For a piece of reference text (article/comments at the top of a thread), we wish to sort a pool of comments replying to the reference text. Our algorithm first computes the LDA “topic weight” vector for the reference article/comment, and labels it reference vector (ref). Then the algorithm computes an LDA “topic weight” vector for each comment we wish to sort, which we label target vectors (target). For each target vector, we compute its cosine similarity with the reference vector, and label it the similarity score for the comment to be sorted. Formally,

$score(ref, target) = \frac{LDA(ref) \cdot LDA(target)}{\left \| LDA(ref) \right \|\left \| LDA(target) \right \|}$

where ref and target represent the text of the reference/sorted comment, respectively. Then the algorithm sorts the target comments by their similarity scores in decreasing order (Figure 3).
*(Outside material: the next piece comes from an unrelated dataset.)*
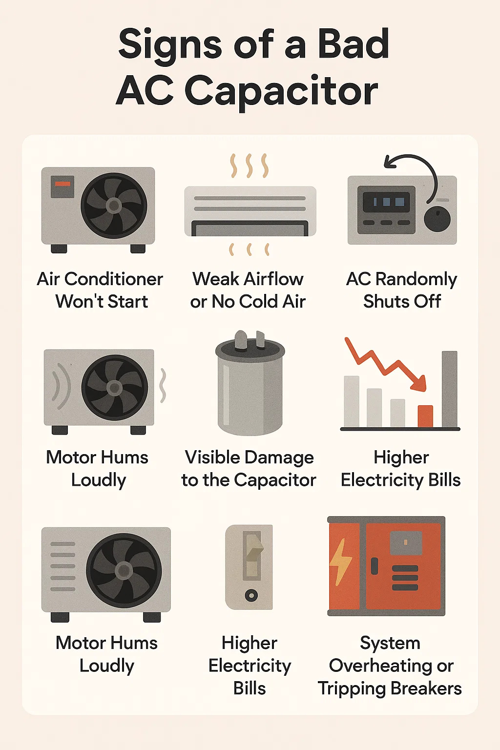 Ecco i segni comuni che un Condensatore CA potrebbe andare male o ha fallito: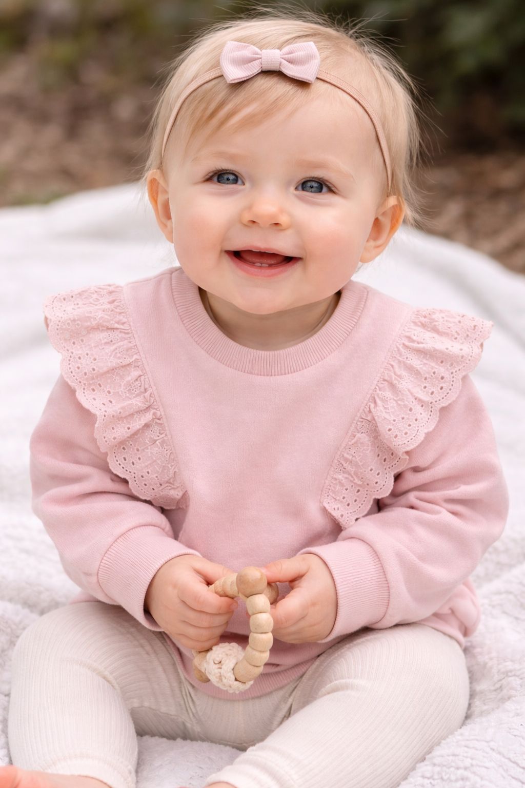 BUZO FRISADO BEBA CON BRODERIE ROSA

**Figure 3: Flowchart of system that scores topics**

Using this algorithm, content managers (Gorwa et al., 2020) and website designers can transparently gauge how relevant a comment reply is to a comment or even an article. Below are some examples of randomly selected comments, and their most similar comments gauged by topic similarity out of the entire dataset (Tables 1–4). All comments are verbatim except for the HTML tags that are the result of web-scraping. The tag <br/> is a tag for a line break.

The reference article talks about the labor conditions for white- collar workers in Amazon. It is a 6000-word article that covers diverse aspects of working at Amazon, including the pressurizing work environment, the data-driven philosophy, the requirement for dedication, and infighting among employees. As can be seen from the table, the top sorted comments address the topic of erratic work hours, valuable career skillsets, employee benefits, and corporate hiring strategies. The diverse topics of exhibited comments correspond to the diverse topics of the article itself.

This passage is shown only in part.